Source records
------------------------------------

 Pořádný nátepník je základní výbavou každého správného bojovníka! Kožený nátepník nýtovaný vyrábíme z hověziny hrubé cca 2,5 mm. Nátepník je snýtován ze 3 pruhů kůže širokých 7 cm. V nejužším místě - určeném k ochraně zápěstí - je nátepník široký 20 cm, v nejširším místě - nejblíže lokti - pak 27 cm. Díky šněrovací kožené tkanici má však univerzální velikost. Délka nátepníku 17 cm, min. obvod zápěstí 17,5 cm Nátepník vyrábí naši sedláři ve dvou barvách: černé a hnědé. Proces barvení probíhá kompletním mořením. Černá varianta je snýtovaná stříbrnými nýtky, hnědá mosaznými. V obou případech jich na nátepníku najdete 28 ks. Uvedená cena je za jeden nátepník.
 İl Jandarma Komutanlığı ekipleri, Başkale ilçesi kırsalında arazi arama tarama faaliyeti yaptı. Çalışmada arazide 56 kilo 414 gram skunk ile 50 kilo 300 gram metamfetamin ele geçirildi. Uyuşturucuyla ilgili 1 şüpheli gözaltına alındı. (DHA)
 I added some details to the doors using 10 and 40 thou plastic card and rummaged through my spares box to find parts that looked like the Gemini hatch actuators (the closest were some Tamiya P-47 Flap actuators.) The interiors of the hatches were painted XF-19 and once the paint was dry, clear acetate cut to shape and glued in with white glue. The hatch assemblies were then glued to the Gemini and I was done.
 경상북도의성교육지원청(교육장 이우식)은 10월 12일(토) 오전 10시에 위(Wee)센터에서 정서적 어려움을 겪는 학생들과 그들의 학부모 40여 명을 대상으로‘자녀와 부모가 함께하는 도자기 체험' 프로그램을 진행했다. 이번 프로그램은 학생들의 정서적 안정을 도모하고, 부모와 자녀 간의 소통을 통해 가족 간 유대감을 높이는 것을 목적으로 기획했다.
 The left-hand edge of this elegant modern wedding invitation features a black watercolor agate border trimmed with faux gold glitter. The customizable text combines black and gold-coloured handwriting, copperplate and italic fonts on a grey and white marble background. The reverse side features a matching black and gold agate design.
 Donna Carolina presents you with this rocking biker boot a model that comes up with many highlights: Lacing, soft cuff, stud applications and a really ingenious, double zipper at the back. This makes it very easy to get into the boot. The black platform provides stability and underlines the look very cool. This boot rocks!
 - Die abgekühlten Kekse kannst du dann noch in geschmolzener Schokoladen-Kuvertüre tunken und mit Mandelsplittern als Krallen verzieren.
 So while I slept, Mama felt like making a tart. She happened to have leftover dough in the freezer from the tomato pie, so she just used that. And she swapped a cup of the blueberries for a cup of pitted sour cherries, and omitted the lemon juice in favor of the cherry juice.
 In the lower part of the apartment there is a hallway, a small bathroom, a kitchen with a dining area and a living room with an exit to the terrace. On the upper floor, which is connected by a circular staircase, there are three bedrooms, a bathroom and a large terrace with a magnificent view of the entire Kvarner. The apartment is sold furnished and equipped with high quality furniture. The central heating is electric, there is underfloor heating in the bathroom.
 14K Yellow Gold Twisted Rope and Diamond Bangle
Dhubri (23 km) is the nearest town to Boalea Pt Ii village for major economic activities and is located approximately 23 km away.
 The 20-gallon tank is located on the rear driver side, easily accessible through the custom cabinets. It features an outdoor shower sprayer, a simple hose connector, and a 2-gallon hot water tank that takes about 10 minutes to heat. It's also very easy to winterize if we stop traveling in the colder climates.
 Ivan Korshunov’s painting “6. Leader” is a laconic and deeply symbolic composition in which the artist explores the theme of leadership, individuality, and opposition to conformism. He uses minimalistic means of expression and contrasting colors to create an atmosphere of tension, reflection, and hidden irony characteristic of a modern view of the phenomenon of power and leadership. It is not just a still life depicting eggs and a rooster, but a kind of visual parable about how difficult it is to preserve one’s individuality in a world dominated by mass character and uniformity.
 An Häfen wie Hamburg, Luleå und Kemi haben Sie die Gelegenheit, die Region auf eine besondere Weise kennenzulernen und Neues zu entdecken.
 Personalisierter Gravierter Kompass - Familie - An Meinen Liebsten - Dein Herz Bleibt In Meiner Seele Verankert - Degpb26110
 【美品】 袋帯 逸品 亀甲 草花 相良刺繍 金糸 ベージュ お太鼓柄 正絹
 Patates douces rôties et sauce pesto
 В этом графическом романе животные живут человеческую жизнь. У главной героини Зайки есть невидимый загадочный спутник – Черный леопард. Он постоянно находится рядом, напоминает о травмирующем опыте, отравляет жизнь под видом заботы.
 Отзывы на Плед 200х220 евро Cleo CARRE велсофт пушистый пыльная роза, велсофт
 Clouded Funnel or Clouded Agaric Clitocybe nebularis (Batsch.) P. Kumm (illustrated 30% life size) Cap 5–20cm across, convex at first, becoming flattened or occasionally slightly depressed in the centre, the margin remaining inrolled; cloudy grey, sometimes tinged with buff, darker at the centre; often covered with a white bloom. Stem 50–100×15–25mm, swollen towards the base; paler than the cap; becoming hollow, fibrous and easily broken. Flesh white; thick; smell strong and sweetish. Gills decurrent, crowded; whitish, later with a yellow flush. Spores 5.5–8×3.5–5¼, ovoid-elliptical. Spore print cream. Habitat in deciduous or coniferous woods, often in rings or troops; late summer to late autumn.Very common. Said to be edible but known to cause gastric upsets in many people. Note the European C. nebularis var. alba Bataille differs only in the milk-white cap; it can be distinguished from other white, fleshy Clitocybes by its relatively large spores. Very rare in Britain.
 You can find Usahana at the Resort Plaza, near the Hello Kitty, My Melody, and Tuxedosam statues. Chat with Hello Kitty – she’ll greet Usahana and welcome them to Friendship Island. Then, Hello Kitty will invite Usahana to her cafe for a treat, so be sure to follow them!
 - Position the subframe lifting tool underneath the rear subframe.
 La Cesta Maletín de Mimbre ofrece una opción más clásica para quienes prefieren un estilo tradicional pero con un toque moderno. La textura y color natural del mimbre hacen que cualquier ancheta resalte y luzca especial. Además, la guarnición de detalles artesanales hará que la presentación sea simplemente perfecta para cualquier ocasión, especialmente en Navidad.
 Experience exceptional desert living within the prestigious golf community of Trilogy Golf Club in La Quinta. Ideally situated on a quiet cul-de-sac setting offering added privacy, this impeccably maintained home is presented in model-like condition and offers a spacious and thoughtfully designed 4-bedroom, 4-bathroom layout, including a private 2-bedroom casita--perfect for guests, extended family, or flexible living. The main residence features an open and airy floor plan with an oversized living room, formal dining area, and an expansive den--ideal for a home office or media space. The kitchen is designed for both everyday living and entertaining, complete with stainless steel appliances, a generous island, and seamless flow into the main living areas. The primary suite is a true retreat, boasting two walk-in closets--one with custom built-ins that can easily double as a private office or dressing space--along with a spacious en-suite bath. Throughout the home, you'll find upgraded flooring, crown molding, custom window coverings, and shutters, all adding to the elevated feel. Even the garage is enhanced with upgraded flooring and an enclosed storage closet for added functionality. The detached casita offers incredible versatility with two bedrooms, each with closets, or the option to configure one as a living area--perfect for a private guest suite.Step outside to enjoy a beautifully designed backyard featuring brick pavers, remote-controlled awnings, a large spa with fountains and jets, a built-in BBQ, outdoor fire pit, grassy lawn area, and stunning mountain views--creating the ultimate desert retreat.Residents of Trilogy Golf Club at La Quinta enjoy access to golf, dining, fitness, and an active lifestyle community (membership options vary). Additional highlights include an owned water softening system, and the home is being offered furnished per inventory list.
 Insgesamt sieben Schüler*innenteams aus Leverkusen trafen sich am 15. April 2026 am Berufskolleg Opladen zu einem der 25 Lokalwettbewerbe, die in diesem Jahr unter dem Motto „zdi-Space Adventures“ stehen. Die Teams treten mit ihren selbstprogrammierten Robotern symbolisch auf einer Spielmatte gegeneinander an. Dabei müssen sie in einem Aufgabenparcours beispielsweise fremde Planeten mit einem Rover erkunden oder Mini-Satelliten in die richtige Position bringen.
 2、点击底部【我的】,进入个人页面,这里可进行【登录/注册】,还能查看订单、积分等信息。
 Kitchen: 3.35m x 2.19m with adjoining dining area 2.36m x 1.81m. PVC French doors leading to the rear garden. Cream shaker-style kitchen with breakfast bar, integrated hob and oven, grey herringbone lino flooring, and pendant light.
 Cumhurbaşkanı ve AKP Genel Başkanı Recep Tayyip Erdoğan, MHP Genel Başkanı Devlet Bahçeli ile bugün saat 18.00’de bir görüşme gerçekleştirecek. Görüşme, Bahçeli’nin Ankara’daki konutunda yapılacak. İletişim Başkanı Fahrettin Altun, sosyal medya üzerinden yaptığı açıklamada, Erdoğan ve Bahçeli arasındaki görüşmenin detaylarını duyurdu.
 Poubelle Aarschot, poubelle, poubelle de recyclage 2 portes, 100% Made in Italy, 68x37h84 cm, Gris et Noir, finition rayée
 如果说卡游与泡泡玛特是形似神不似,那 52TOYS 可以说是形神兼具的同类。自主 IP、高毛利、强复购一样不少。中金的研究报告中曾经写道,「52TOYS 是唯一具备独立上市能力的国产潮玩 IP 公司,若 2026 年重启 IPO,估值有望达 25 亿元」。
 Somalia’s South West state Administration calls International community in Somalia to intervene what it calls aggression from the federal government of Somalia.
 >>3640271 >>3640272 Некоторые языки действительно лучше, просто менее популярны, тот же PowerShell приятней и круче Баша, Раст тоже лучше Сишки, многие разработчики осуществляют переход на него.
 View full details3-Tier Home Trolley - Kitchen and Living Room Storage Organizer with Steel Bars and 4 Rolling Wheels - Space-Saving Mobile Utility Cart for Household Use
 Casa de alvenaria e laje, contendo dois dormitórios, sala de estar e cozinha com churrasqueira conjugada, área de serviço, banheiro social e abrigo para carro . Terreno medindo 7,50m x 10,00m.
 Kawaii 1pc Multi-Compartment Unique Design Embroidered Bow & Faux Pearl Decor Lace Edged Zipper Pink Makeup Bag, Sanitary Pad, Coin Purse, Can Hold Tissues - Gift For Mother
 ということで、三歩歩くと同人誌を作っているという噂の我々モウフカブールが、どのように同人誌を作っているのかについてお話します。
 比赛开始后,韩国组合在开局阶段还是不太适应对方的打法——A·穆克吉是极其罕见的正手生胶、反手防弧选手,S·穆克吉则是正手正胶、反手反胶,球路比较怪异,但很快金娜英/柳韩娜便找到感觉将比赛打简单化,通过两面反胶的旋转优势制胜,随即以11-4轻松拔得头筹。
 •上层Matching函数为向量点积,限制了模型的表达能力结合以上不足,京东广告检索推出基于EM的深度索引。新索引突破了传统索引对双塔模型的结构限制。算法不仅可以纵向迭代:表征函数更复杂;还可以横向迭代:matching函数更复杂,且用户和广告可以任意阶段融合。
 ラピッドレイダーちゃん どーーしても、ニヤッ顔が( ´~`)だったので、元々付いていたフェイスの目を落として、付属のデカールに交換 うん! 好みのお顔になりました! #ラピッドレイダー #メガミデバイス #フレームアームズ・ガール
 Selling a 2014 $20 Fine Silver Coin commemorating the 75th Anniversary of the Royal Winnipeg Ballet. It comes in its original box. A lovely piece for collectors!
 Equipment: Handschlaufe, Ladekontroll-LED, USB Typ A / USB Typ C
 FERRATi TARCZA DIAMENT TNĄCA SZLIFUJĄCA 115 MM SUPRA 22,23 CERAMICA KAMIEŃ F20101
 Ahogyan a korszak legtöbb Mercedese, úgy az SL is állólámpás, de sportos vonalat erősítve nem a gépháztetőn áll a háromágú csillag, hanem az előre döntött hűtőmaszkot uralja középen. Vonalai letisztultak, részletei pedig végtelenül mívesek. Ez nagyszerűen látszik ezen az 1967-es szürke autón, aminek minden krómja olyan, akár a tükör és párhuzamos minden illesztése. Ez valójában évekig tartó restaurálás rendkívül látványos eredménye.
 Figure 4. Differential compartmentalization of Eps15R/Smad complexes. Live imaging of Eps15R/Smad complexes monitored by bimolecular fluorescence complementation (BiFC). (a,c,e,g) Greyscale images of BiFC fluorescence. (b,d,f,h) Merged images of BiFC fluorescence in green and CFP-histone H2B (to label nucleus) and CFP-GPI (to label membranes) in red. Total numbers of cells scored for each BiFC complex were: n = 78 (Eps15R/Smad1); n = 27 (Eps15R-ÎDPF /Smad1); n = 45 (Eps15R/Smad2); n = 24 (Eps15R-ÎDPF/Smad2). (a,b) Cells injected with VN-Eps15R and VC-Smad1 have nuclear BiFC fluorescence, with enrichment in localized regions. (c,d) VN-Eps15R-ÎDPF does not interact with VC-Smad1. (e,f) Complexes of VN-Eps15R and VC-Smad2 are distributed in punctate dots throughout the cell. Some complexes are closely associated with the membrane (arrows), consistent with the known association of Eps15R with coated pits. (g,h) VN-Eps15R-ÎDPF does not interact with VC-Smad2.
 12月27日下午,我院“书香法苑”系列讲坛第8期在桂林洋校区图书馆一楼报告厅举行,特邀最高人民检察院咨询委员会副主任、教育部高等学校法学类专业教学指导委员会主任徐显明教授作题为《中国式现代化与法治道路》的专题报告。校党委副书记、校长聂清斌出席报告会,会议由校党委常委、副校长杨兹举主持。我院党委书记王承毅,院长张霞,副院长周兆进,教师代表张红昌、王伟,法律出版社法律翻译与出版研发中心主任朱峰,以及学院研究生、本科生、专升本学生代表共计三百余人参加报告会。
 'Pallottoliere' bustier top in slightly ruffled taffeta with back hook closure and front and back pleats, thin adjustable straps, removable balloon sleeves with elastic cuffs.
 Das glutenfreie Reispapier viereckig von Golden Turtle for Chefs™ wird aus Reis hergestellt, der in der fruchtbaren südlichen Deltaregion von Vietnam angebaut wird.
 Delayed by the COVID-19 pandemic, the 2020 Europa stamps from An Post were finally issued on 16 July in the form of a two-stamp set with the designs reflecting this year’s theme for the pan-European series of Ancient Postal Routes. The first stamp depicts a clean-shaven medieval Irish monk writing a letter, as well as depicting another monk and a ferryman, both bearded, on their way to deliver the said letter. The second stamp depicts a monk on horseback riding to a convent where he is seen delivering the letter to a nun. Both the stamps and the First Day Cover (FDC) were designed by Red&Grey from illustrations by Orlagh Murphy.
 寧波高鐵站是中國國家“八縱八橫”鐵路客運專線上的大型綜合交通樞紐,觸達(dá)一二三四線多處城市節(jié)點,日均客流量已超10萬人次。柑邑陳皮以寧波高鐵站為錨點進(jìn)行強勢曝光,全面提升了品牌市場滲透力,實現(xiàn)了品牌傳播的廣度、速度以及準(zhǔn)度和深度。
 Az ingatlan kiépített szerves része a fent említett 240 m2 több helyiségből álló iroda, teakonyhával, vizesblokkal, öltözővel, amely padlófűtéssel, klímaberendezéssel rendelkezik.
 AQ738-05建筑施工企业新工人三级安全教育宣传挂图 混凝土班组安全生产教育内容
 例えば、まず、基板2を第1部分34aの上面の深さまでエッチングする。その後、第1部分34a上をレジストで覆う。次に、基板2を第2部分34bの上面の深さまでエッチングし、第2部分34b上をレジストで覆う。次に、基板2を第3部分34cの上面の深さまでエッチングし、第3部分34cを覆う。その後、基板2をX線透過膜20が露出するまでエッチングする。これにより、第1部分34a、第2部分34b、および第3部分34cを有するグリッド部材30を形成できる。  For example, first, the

------------------------------------

# [To do]
Show, from the records above, every line that includes "Coin".

# [Solution for this exercise]
 Kawaii 1pc Multi-Compartment Unique Design Embroidered Bow & Faux Pearl Decor Lace Edged Zipper Pink Makeup Bag, Sanitary Pad, Coin Purse, Can Hold Tissues - Gift For Mother
 Selling a 2014 $20 Fine Silver Coin commemorating the 75th Anniversary of the Royal Winnipeg Ballet. It comes in its original box. A lovely piece for collectors!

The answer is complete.